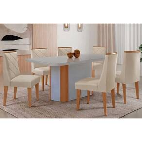 Conjunto Sala de Jantar Pietá c/ Tampo Madeirado c/ Vidro Canto Curvo 180x90cm e 6 Cadeiras Pietá Madeira Maciça Naturale/Off White - Capuccino/Suede - Blush
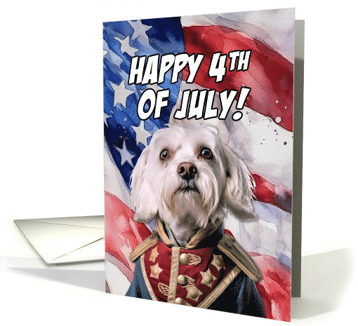 Artist Notes: | A patriotic Maltese dressed in stars and stripes on an American flag watercolor background with the text 'Happy 4th of July!'. The perfect card to send to for a maltese mom or dad to celebrate the birthday of America. |
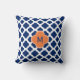 Gemonogrammeerd royal blue quatrefoil patroon met oranje accent.
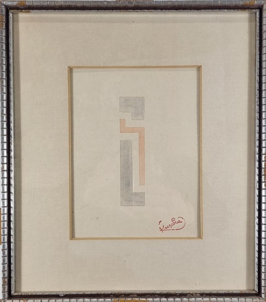 Akvarel na papíře pod sklem, rozměry díla 18x24 cm, s rámem 36x41 cm. Signováno v pravém dolním rohu "Kupka".
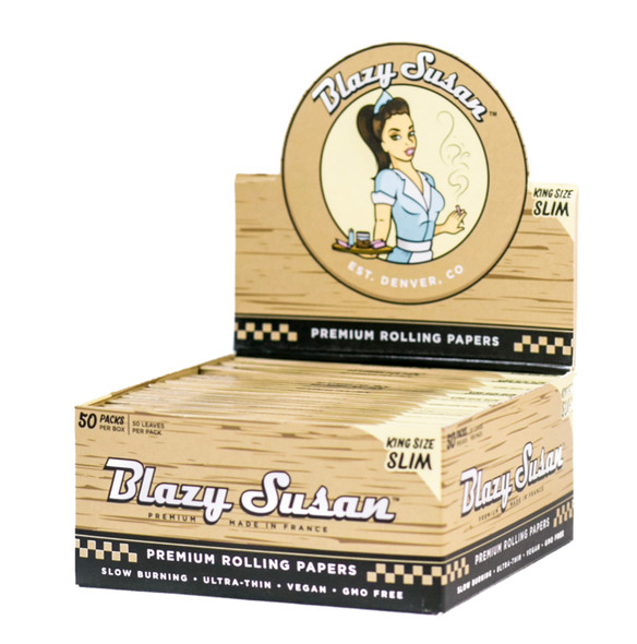 Papelillos sin blanquear de Blazy Susan. El tamaño king slim es ideal para explorar la creatividad al momento de enrolar, especialmente cuando los papelillos convencionales no tienen el tamaño suficiente. Producto vegano.
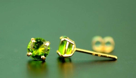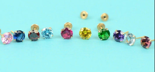 14K Solid Yellow Gold 4mm Round Birthstone Stud Earrings with screw back
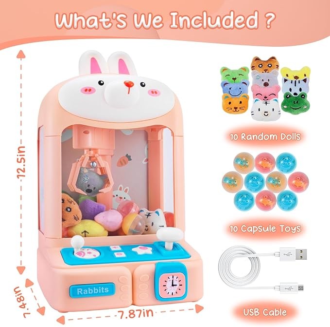 • What's Included: The mini claw machine comes with 10 cute plush toys and 10 capsule toys, and even features realistic music to create an authentic game atmosphere. Plus, you can adjust the volume or turn it off if you prefer. It's also perfect for use as a reward system to motivate kids.
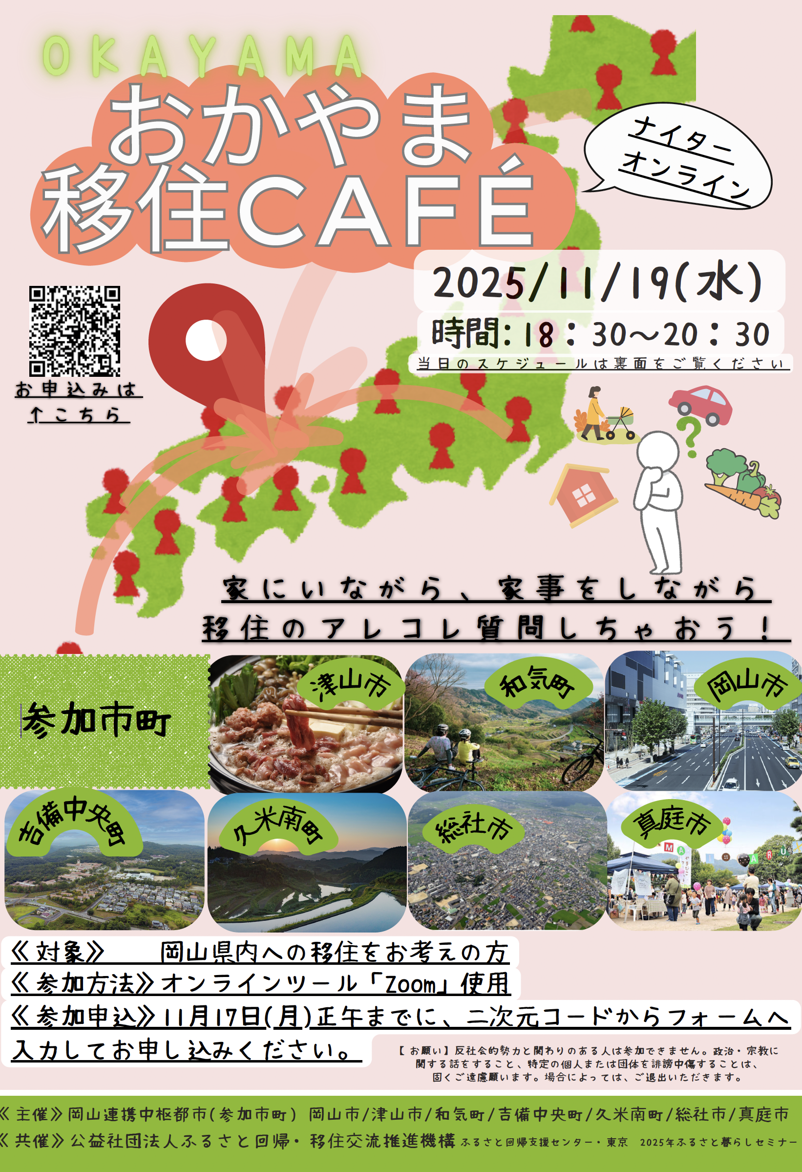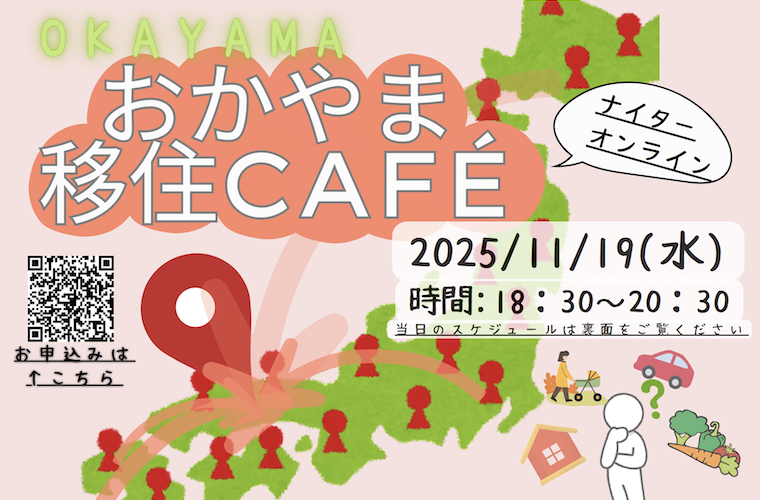 11/19(水)に、岡山県内の7市町が集まって、オンラインイベント「おかやま移住Café」を開催します!
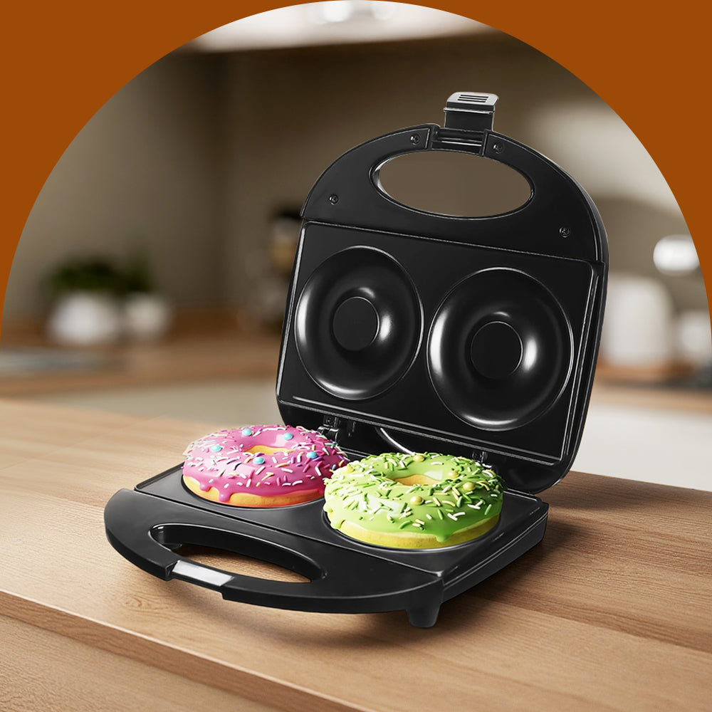 Electric donut maker for 2 mini donuts per batch. Compact design for simple operation.

-*-

WHAT IS BEING ASKED » In full and without any pictures, print the listing above exactly.

EXERCISE RESPONSE »
 Conjunto Sala de Jantar Pietá c/ Tampo Madeirado c/ Vidro Canto Curvo 180x90cm e 6 Cadeiras Pietá Madeira Maciça Naturale/Off White - Capuccino/Suede - Blush
 Artist Notes: | A patriotic Maltese dressed in stars and stripes on an American flag watercolor background with the text 'Happy 4th of July!'. The perfect card to send to for a maltese mom or dad to celebrate the birthday of America. |
 Gemonogrammeerd royal blue quatrefoil patroon met oranje accent.
 Akvarel na papíře pod sklem, rozměry díla 18x24 cm, s rámem 36x41 cm. Signováno v pravém dolním rohu "Kupka".
 Papelillos sin blanquear de Blazy Susan. El tamaño king slim es ideal para explorar la creatividad al momento de enrolar, especialmente cuando los papelillos convencionales no tienen el tamaño suficiente. Producto vegano.
 14K Solid Yellow Gold 4mm Round Birthstone Stud Earrings with screw back
 • What's Included: The mini claw machine comes with 10 cute plush toys and 10 capsule toys, and even features realistic music to create an authentic game atmosphere. Plus, you can adjust the volume or turn it off if you prefer. It's also perfect for use as a reward system to motivate kids.
 11/19(水)に、岡山県内の7市町が集まって、オンラインイベント「おかやま移住Café」を開催します!
 Electric donut maker for 2 mini donuts per batch. Compact design for simple operation.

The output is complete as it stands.